Graphs provide crucial visual data regarding motion:

Coordinate vs. Time ( $x-t$ ): The slope of this graph represents the instantaneous velocity. A straight line indicates constant velocity. A curved line (parabola) indicates constant acceleration. If the slope increases, the object is speeding up.
Velocity vs. Time ( $v-t$ ): The slope of this graph represents the acceleration. The area under the curve represents the displacement $\Delta x$ . A horizontal line indicates constant velocity ( $a = 0$ ). If the graph crosses the $t$ -axis, the object has reversed direction.
Acceleration vs. Time ( $a-t$ ): The area under the curve represents the change in velocity $\Delta v$ . For an object moving at a constant velocity, the acceleration graph is a horizontal line at $a = 0$ .

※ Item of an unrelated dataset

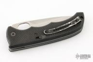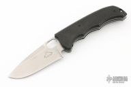 This Dual Action AMS from Matt Diskin features a tumbled finished drop point blade with swedge and thumb hole crafted from AUS 8 Steel. The handle is comprised of textured black G10 scales over stainless steel liners. Black coated stainless steel tip up pocket clip. Features an scale release auto action as well as manual function. Black G10 Backspacer. Comes with original packaging. Has somes scuffs and scratches, has been resharpened, otherwise good condition.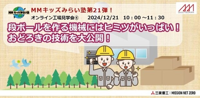 三菱みなとみらい技術館では、「MMキッズみらい塾第21弾! 段ボールを作る機械にはヒミツがいっぱい! おどろきの技術を大公開!」を12月21日(土)に開催します。

Multiple Choice Practice and Discussion

Displacement magnitude comparison: Given coordinates $x_i$ , $x_f$ . The result $x_i = -4\,m, x_f = 4\,m$ provides the largest displacement magnitude ( $8\,m$ ).
Identifying negative displacement: Moving from $x_i = -4\,m$ to $x_f = -8\,m$ results in $\Delta x = -4\,m$ .
Average speed definition: Always the distance covered divided by the time interval.
Car Pursuit: A car at $3\,m/s^2$ from rest chasing a truck at a constant $15\,m/s$ . Setting positions equal: $15t = 0.5(3)t^2 \rightarrow 15 = 1.5t \rightarrow t = 10\,s$ .
Acceleration vector direction: In free fall (upward is positive), displacement is positive during ascent and negative during descent, but acceleration is negative (downward) at all times.
Terminal constraints: It is impossible for a body to have constant velocity and variable acceleration simultaneously, as constant velocity implies zero acceleration.
Speeding up criteria: A particle is speeding up if its velocity and acceleration share the same sign (both positive or both negative). For example, if velocity is negative and acceleration is negative, the speed is increasing.
Free Fall from a moving platform: If a rocket accelerating upward at $9.8\,m/s^2$ releases a projectile, the projectile’s acceleration immediately becomes $9.8\,m/s^2$ downward due to gravity, despite its initial upward velocity inherited from the rocket.
Max height ratios: An object thrown at $100\,m/s$ reaches a maximum height $100$ times higher than one thrown at $10\,m/s$ because $\frac{100^2}{10^2} = \frac{10000}{100} = 100$ .
Velocity-time graph interpretation: At a point where the graph crosses the time axis from positive to negative velocity, the car is traveling in the reverse direction relative to its earlier movement at positive velocity points.